History and development of CAPTCHA

Man · Nov 21, 2024

We started with a text CAPTCHAs and ended up with a simple checkbox to check, improving the system after each failure.

You go to a website to buy plane tickets. Before you click the "Submit" button, you need to check the box that asks: "Are you a robot?"

At first glance, this seems ironic. Why do I need to prove that I am a human, and in front of a computer?

And even if I check this box, how does that prove I'm human? A robot can check this box too, right?

It's like a jury asking a murderer if he committed a crime. "Of course I didn't kill anyone," the defendant would answer.

So what's the point of this question? Why do CAPTCHAs exist at all? And how do they verify that a user is a real person based on simple queries?

In this article, we'll take a detailed look at why CAPTCHAs are needed, how they've evolved over time, their different versions, and more.

What is CAPTCHA?

CAPTCHA stands for "Completely Automated Public Turing Test to Tell Computers and Humans Apart."
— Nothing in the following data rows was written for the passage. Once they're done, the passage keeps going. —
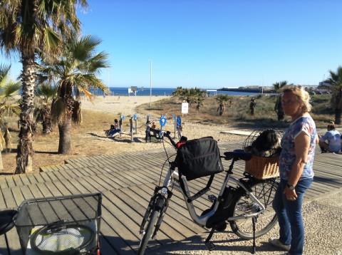 Nachmittags wandern wir mit Liegestuhl zum Meer.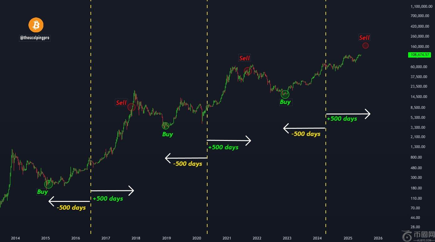 Mags 建议,想要**把握市场时机的投资者应该在下一次减半预计发生前 500 天购买比特币。此后,他们应该继续持有比特币,什么也不做。与此同时,Mags 建议,一旦减半发生 500 天后他们卖的减掉他们的**。然后他们可以在下一次减半之前重复这个过程。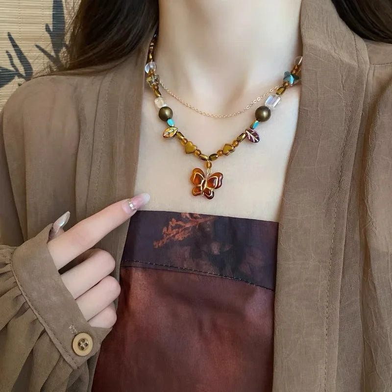Lunivop Ethnic Style Retro Butterfly Pendant Necklace Geometric Bead Clavicle Sweater Chain Jewelry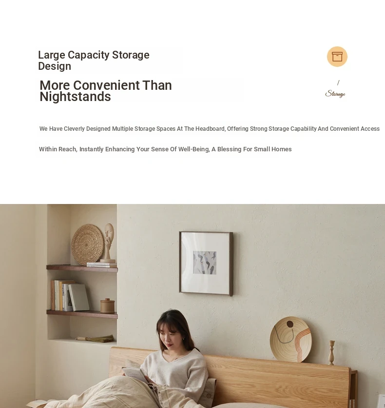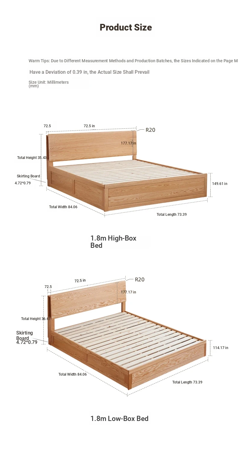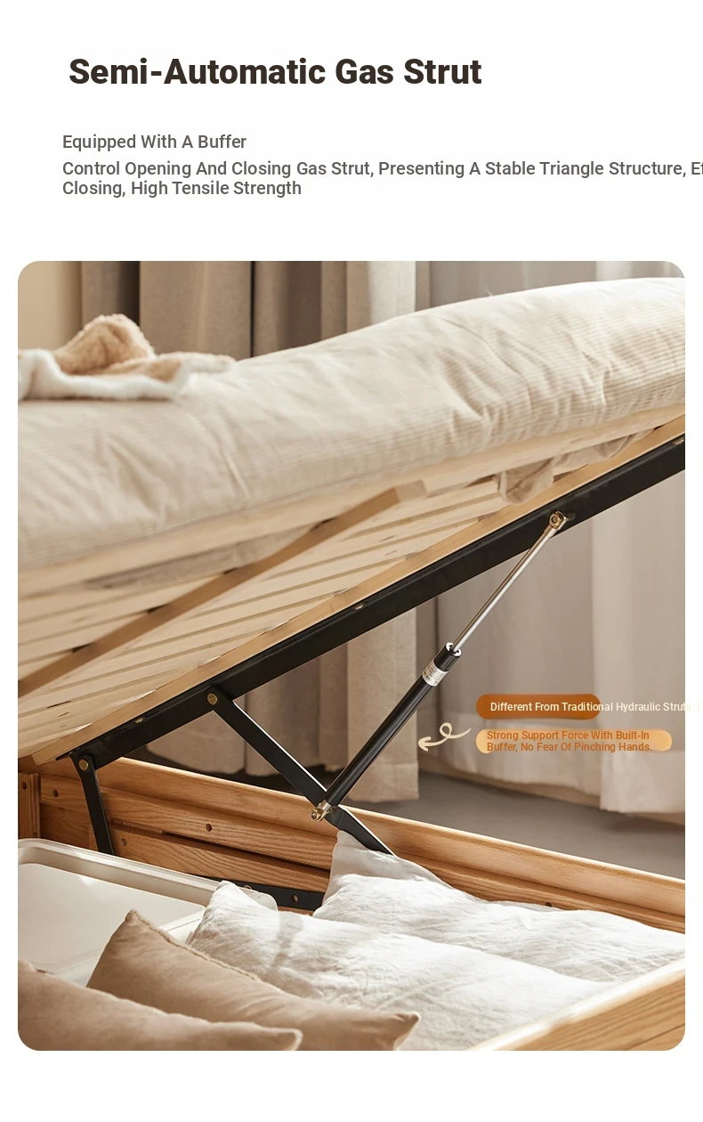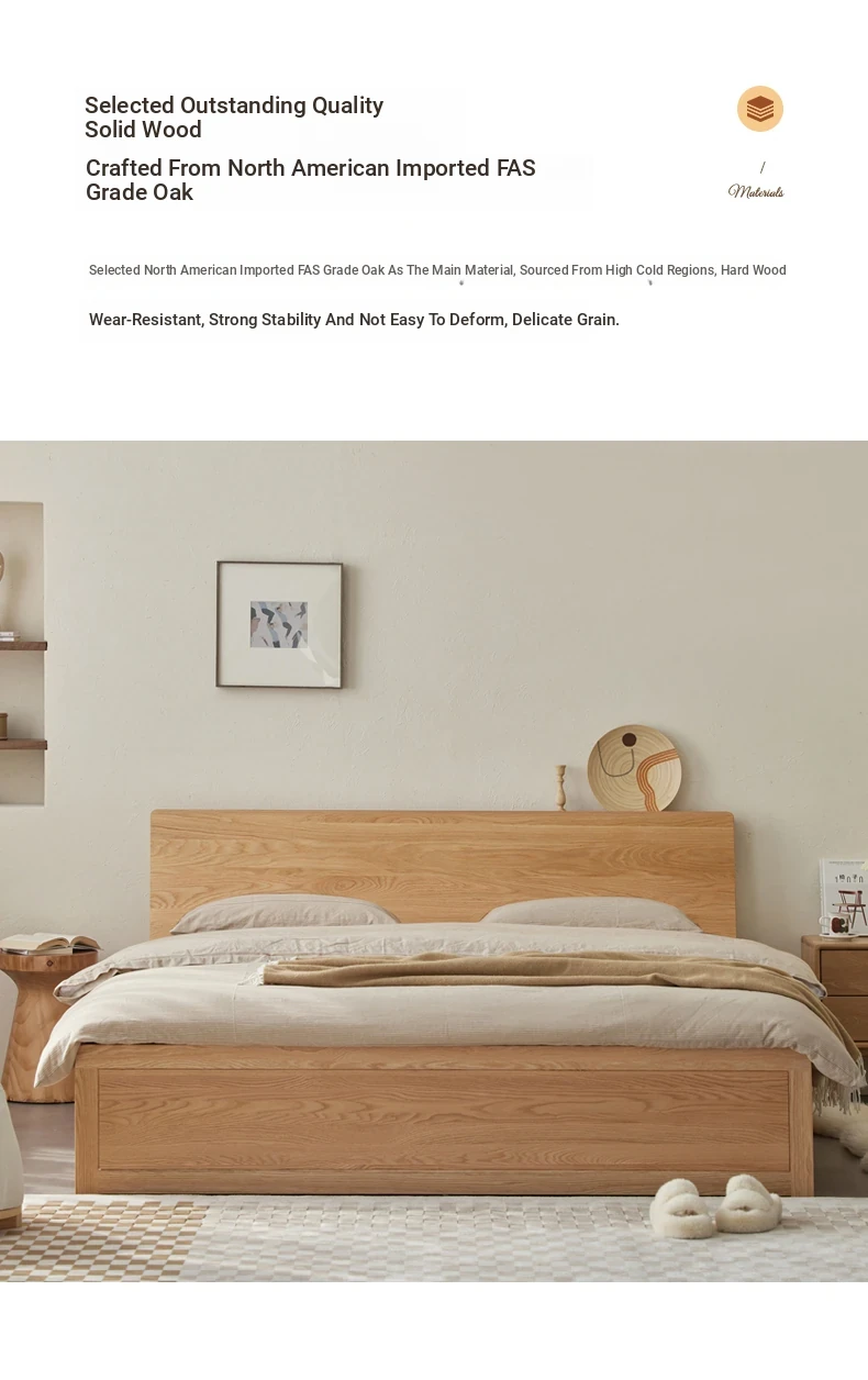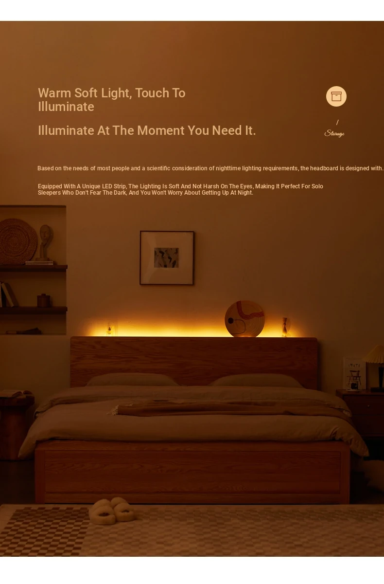 Solid Wood Storage Bed - 1.8m Nordic Oak High-Box Bed - Modern Minimalist Double Bed for Master Bedroom - Perfect Blend of Style and Functionality!

Quite a complicated acronym, isn't it? We'll simplify it now.

What is the Turing test?

Legendary British mathematician and computer scientist Alan Turing debated with his colleagues and critics about whether a machine (digital computer) could ever achieve a level of intelligence comparable to a human.

To prove his point, Turing proposed a game. In this game, an "interrogator" would ask questions to a human and a computer via text chat. If the interrogator couldn't tell the difference between their answers, and the computer successfully impersonated a human, it would pass the test. Turing called this the "imitation game."
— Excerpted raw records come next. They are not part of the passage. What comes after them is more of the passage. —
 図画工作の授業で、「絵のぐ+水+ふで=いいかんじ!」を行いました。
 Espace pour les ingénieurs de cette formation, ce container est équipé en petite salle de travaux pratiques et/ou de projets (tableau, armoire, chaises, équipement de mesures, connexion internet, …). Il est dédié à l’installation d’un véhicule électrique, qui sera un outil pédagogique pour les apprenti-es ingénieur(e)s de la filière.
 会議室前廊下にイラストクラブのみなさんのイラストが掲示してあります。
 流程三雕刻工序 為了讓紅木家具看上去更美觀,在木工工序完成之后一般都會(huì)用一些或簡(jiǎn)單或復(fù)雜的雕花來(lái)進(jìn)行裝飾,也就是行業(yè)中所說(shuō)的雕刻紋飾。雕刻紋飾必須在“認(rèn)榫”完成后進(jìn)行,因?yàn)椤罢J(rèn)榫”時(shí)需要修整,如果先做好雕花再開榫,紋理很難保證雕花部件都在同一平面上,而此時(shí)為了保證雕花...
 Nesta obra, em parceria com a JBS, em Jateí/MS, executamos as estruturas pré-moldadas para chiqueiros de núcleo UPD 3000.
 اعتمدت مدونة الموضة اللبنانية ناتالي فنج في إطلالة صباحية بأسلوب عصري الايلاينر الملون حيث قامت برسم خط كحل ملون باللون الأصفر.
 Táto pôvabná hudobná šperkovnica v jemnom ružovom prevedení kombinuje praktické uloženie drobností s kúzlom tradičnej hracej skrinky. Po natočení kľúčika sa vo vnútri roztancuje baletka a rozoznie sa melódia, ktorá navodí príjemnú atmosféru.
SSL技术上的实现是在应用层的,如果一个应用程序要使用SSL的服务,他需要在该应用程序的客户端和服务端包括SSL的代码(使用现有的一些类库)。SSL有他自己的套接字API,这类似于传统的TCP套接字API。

Who would have thought that decades later the same principle of the test would be used to create CAPTCHA, but now to distinguish people from machines.

In 2000, a 22-year-old boy named Luis von Ahn, along with his professor Manuel Bloom, developed CAPTCHA to prevent automated programs from attacking networks and websites.

Why do we need CAPTCHAs?

You've probably heard of bots. Bots are programs that can perform specific tasks based on a script given to them. They often mimic human behavior and can perform tasks much faster.

There are useful bots, such as search engines that crawl web pages to index content, or chatbots that simulate human conversation.

However, there are also malicious bots that can interfere with users by spreading spam, taking over accounts, or even taking down large websites by carrying out DDoS attacks.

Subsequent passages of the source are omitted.